Sunday, November 26, 2017

Fabricating the forward fender/dock line locker

Perhaps one of the most controversial additions we made to the visible exterior lines of Third Wave was the forward rope/fender locker.  Die hard Chris Craft Commander purists will barf all over it and might even send death threats once they see it.  But Mary Mar had very little in the way of storage and we did not want to have to walk fenders and lines fore and aft.  With the understanding that some people love them, I will say that I am not a fan of crud that is tied to the bow rail (like fender baskets).  In my experience they are always falling apart, leaving your fenders to bake in the sun and loosening up on the rail any chance they get.  I also just don’t like the way they look even when new and I really don’t like them when they are a bit rusty and carrying sun damaged fenders around.  Pretty much nothing short of stainless steel handles the sun like gel coat.  So we decided to install a large forward dock line/fender locker.

We started this project by buying a pre-made hatch from Ebay.  For this project we wanted a more professional water channel than the square one that we implemented for the back deck hatch.  In order to do this, we used the hatch to create a router template in a sheet of ¼” flat birch plywood.

The wooden router template is shown below.

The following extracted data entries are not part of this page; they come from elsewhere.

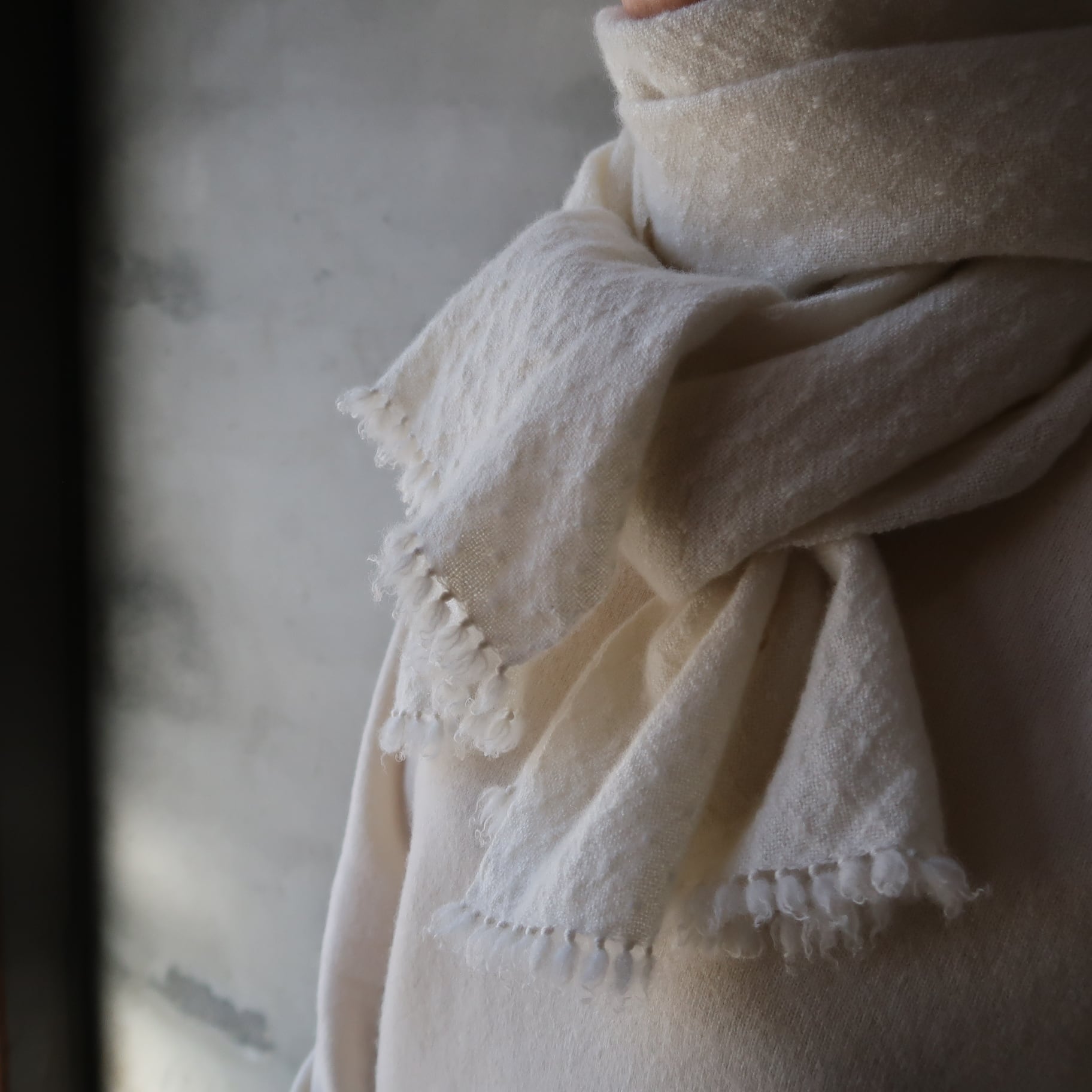 what is there / 組織織りの カシミヤマフラー( snow white )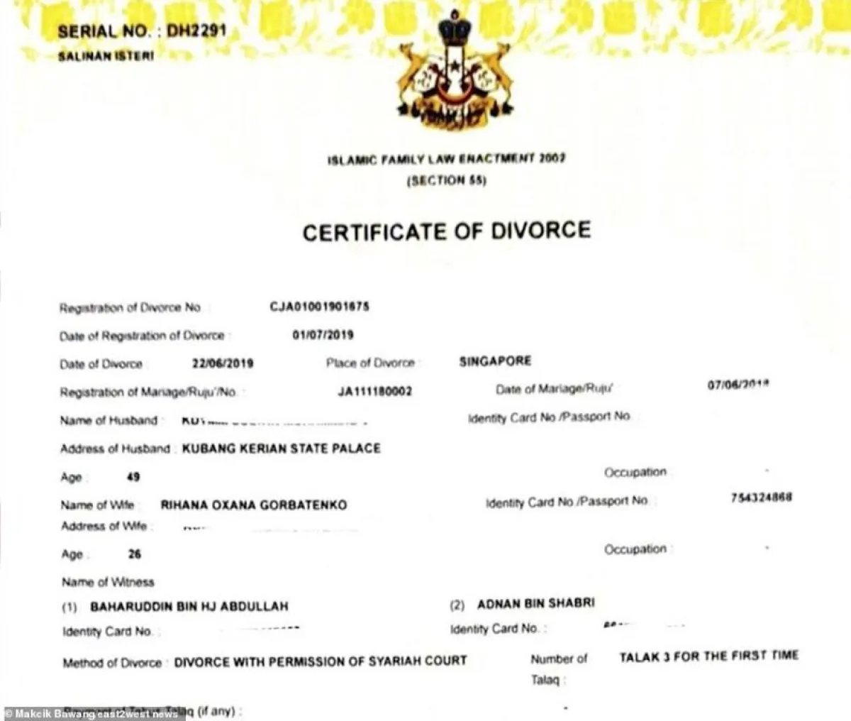 وأضافت صحيفة الديلي ميل الشهيرة، أنه كان قد تم تسجيل الطلاق بشكل رسمي، خلال شهر تموز/يوليو الماضي 2019 في ولاية كيلانتان الماليزية، ونشرت العديد من وسائل الإعلام صوراً لوثيقة الطلاق. ومن الجدير بالذكر أن أوكسانا بعد أسابيع قليلة من ولادة طفلها ليون وإتمام انفصالها عن السلطان محمد الخامس، كانت قد هددت بكشف الكثير من الأسرار عن علاقتهما الزوجية.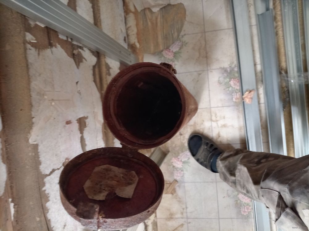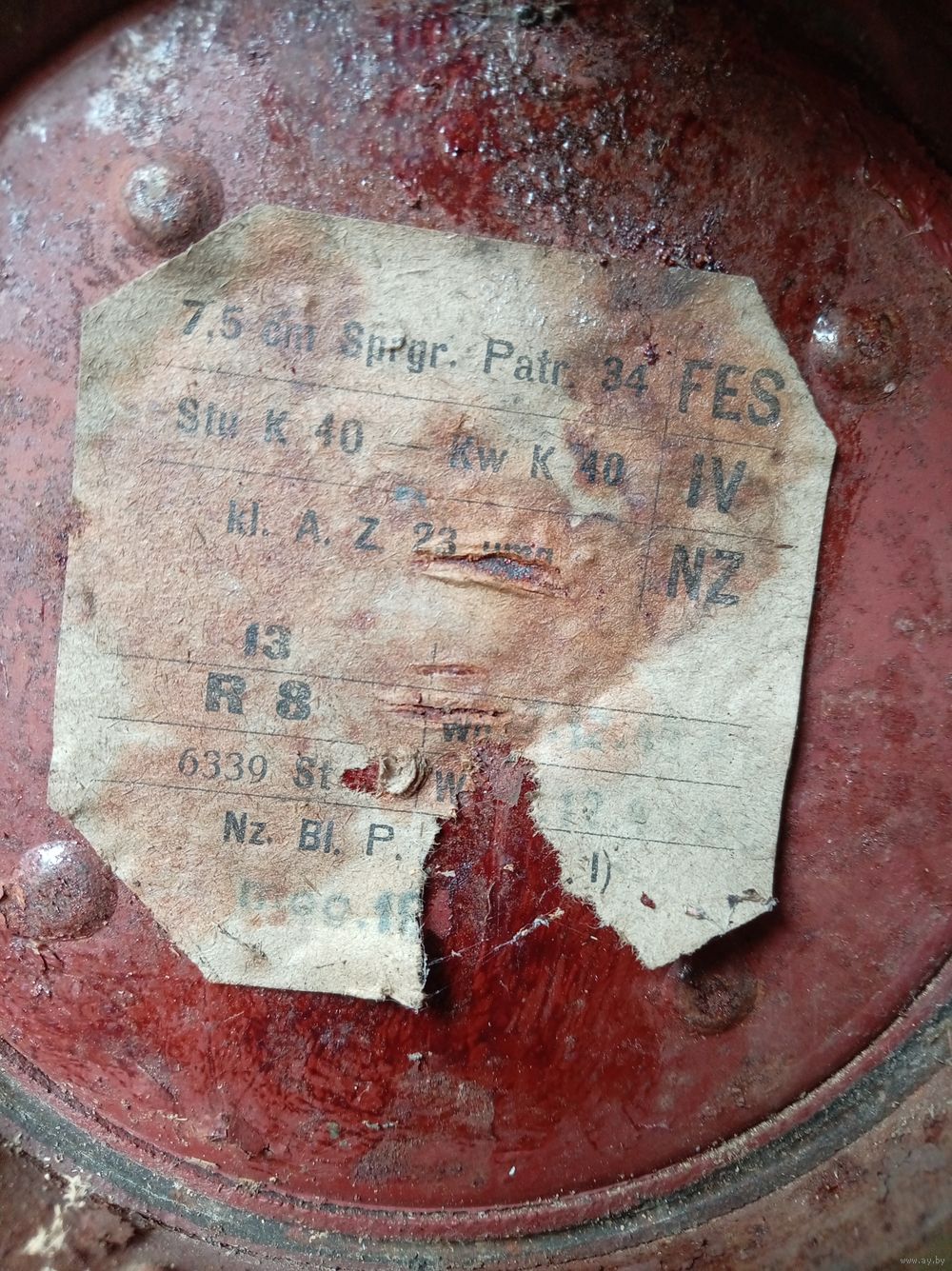 Лежал на чердаке, на бирке просматривается штамп 12 . 43.,дыр нет, внутри сохранилась краска.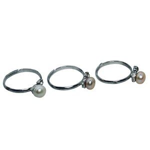 Lot Of 3 Silver Tone Adjustable Rings W/ Faux Pearls & Rhinestone Accents (R433)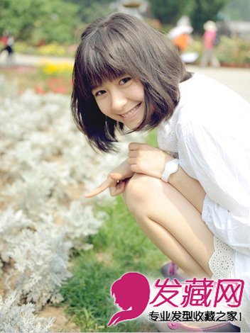 比较散碎的齐刘海搭上略显凌乱的内扣中短发发型,就是一款清纯系的短发梨花头。生动甜美的笑容以及白色纯美的裙子,都是这款造型的亮点所在。

The router template was then used with a half round bit to cut the initial channel in the coosa top piece of the locker.

The channel was cut such that the edge of the hatch would fit down into the depression we created.  We then built up the height of the channel by adding material on both sides of it combined with hours of hand sanding, fitting and shaping.

Then we added the initial sides and then just kept slowly adding layers of glass to the sides of the channel in order to reduce the gap between the hatch and the top to well under 1/4”.  


We then took the unit to the boat to try to figure out the exact end height that we would go with.  For various reasons it was decided to make the unit taller by adding a base to what had been fabricated at home.

The base (and the whole unit except the hatch cover) was fabricated from Coosa.
 

It was cold in Virginia at the time so we created a small curing tent fed by a propane heater.  We put our parts in here each time we needed something like glass or gel coat to cure quickly (or at all…).
The resulting box was glassed to the foredeck both on the inside and on the outside and then everything was faired in.  It’s still waiting to be sprayed with gel coat.
It’s not fancy but it will hold a lot of stuff and that’s what we needed to get done.